*** Block opens ***

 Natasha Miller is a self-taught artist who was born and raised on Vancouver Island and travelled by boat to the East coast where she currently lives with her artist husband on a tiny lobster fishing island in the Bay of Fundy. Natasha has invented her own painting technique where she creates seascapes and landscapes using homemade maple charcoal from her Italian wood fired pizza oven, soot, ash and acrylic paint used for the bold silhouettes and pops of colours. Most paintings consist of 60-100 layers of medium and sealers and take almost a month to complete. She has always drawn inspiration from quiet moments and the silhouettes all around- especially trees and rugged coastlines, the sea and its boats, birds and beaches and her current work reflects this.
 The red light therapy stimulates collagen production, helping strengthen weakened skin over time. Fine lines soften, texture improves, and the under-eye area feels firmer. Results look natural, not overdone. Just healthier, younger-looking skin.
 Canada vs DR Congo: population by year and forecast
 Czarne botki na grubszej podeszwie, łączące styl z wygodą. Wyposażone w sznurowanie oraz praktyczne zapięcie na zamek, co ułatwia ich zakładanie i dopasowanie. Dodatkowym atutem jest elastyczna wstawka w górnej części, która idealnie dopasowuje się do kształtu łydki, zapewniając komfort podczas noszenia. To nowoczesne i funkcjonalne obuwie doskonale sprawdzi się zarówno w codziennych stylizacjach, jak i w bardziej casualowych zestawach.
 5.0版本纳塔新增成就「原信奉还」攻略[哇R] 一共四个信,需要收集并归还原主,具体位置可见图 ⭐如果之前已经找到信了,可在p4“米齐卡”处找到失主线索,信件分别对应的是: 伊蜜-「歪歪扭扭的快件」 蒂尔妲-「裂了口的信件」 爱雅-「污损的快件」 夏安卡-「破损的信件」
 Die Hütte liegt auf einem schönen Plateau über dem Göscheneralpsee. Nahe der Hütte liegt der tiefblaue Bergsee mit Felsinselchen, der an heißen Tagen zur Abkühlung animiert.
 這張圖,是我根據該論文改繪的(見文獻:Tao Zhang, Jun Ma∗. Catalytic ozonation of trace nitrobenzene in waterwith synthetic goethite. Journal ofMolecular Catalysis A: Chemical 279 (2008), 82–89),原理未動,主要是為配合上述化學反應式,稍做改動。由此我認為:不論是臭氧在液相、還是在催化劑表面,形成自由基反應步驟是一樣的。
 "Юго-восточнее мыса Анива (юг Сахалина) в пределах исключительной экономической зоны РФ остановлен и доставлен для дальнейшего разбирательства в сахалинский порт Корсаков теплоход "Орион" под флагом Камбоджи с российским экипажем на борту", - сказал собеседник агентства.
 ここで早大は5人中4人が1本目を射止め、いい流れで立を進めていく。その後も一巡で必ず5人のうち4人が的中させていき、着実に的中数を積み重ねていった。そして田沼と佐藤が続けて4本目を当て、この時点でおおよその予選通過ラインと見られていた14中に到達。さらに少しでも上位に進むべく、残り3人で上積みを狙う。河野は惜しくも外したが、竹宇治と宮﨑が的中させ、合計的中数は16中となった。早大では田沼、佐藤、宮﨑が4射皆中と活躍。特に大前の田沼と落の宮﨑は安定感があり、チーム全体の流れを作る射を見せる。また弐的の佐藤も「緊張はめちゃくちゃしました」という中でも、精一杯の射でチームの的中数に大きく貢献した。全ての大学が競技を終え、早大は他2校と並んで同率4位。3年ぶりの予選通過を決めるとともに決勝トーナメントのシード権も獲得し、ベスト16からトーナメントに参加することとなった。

*** Block closes ***

◆ What you need to do
Lines from the one holding "Czarne botki na" to the last line of the records: return these exactly, and only these.

◆ Result
 Czarne botki na grubszej podeszwie, łączące styl z wygodą. Wyposażone w sznurowanie oraz praktyczne zapięcie na zamek, co ułatwia ich zakładanie i dopasowanie. Dodatkowym atutem jest elastyczna wstawka w górnej części, która idealnie dopasowuje się do kształtu łydki, zapewniając komfort podczas noszenia. To nowoczesne i funkcjonalne obuwie doskonale sprawdzi się zarówno w codziennych stylizacjach, jak i w bardziej casualowych zestawach.
 5.0版本纳塔新增成就「原信奉还」攻略[哇R] 一共四个信,需要收集并归还原主,具体位置可见图 ⭐如果之前已经找到信了,可在p4“米齐卡”处找到失主线索,信件分别对应的是: 伊蜜-「歪歪扭扭的快件」 蒂尔妲-「裂了口的信件」 爱雅-「污损的快件」 夏安卡-「破损的信件」
 Die Hütte liegt auf einem schönen Plateau über dem Göscheneralpsee. Nahe der Hütte liegt der tiefblaue Bergsee mit Felsinselchen, der an heißen Tagen zur Abkühlung animiert.
 這張圖,是我根據該論文改繪的(見文獻:Tao Zhang, Jun Ma∗. Catalytic ozonation of trace nitrobenzene in waterwith synthetic goethite. Journal ofMolecular Catalysis A: Chemical 279 (2008), 82–89),原理未動,主要是為配合上述化學反應式,稍做改動。由此我認為:不論是臭氧在液相、還是在催化劑表面,形成自由基反應步驟是一樣的。
 "Юго-восточнее мыса Анива (юг Сахалина) в пределах исключительной экономической зоны РФ остановлен и доставлен для дальнейшего разбирательства в сахалинский порт Корсаков теплоход "Орион" под флагом Камбоджи с российским экипажем на борту", - сказал собеседник агентства.
 ここで早大は5人中4人が1本目を射止め、いい流れで立を進めていく。その後も一巡で必ず5人のうち4人が的中させていき、着実に的中数を積み重ねていった。そして田沼と佐藤が続けて4本目を当て、この時点でおおよその予選通過ラインと見られていた14中に到達。さらに少しでも上位に進むべく、残り3人で上積みを狙う。河野は惜しくも外したが、竹宇治と宮﨑が的中させ、合計的中数は16中となった。早大では田沼、佐藤、宮﨑が4射皆中と活躍。特に大前の田沼と落の宮﨑は安定感があり、チーム全体の流れを作る射を見せる。また弐的の佐藤も「緊張はめちゃくちゃしました」という中でも、精一杯の射でチームの的中数に大きく貢献した。全ての大学が競技を終え、早大は他2校と並んで同率4位。3年ぶりの予選通過を決めるとともに決勝トーナメントのシード権も獲得し、ベスト16からトーナメントに参加することとなった。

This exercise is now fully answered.